Application has been made to the London Stock Exchange for the Shares to be admitted to trading on AIM which is expected to occur on or around 26 January 2015. Following the issue of the Shares, the Company will have 88,905,928 ordinary shares in issue. The Shares will rank pari passu with the existing ordinary shares of the Company. Exercise of the Company's buy back rights is subject to shareholder approval under the UK Companies Act and is expected to be obtained at the Company's annual general meeting in 2015.
Under the licensing agreement, Tiziana will be responsible for future development costs for milciclib in thymoma / thymic epithelial tumours and in any additional indications, including hepatocellular carcinoma and breast cancer. Tiziana will entrust the manufacturing and the performance of clinical studies for milciclib up to completion of phase II to Nerviano.
“We are delighted to enter into this agreement with Tiziana Life Sciences, as a further recognition of our research approach and the value of our pipeline,” said Luciano Baielli, CEO of Nerviano. “As a group, Nerviano is, in fact, actively building alliances to strengthen the development of our projects and offer new therapeutic options for physicians and patients’ unmet needs. Our goal is to lead innovation in oncology and I am confident that our recognised expertise as a provider of integrated R&D capabilities will lead to a further significant new hope for cancer patients."
About Tiziana Life Sciences
Tiziana Life Sciences plc is a UK biotechnology company that focuses on the discovery and development of novel molecules that treat human disease in oncology and immunology.
The Company has a phase II asset, foralumab, the only fully human engineered anti-human CD3 antibody in clinical development.
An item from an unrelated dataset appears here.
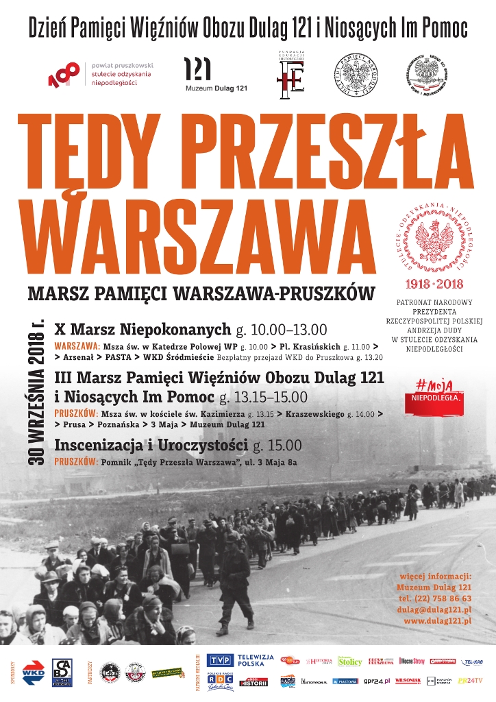 30 września zapraszamy na tegoroczne Obchody Dnia Pamięci Więźniów Obozu Dulag 121 i Niosących Im Pomoc organizowane przez Muzeum Dulag 121, Powiat Pruszkowski i Fundację Edukacji Historycznej, przy współpracy z Instytutem Pamięci Narodowej oraz Urzędem do Spraw Kombatantów i Osób Represjonowanych. Tego dnia ulicami Warszawy i Pruszkowa przejdzie Marsz Pamięci „Tędy Przeszła Warszawa”. Warszawska część marszu rozpocznie się o g. 11:00 na placu Krasińskich, pruszkowska o g. 14.00 pod kościołem św. Kazimierza przy ul. Kraszewskiego 23. W tym roku Obchody zostały objęte Patronatem Narodowym Prezydenta RP Andrzeja Dudy.

Foralumab has potential application in a wide range of autoimmune and inflammatory diseases, such as multiple sclerosis, type-1 diabetes (T1D), inflammatory bowel disease (IBD), psoriasis and rheumatoid arthritis, where modulation of a T-cell response is desirable.
Tiziana Life Sciences’ research team has discovered that Bcl-3 has a prominent role in the metastasis of mammary cancers, and has elucidated the mechanism of Bcl-3 action to be a regulator of cancer cell motility. Tiziana has also determined that Bcl-3 inhibition suppresses cell motility in triple-negative, HER-2-positive PR- and ER-positive breast cancer sub-types, suggesting that Bcl-3 may be a master regulator of this metastatic property not only in aggressive breast cancers, but across the clinical spectrum of breast disease.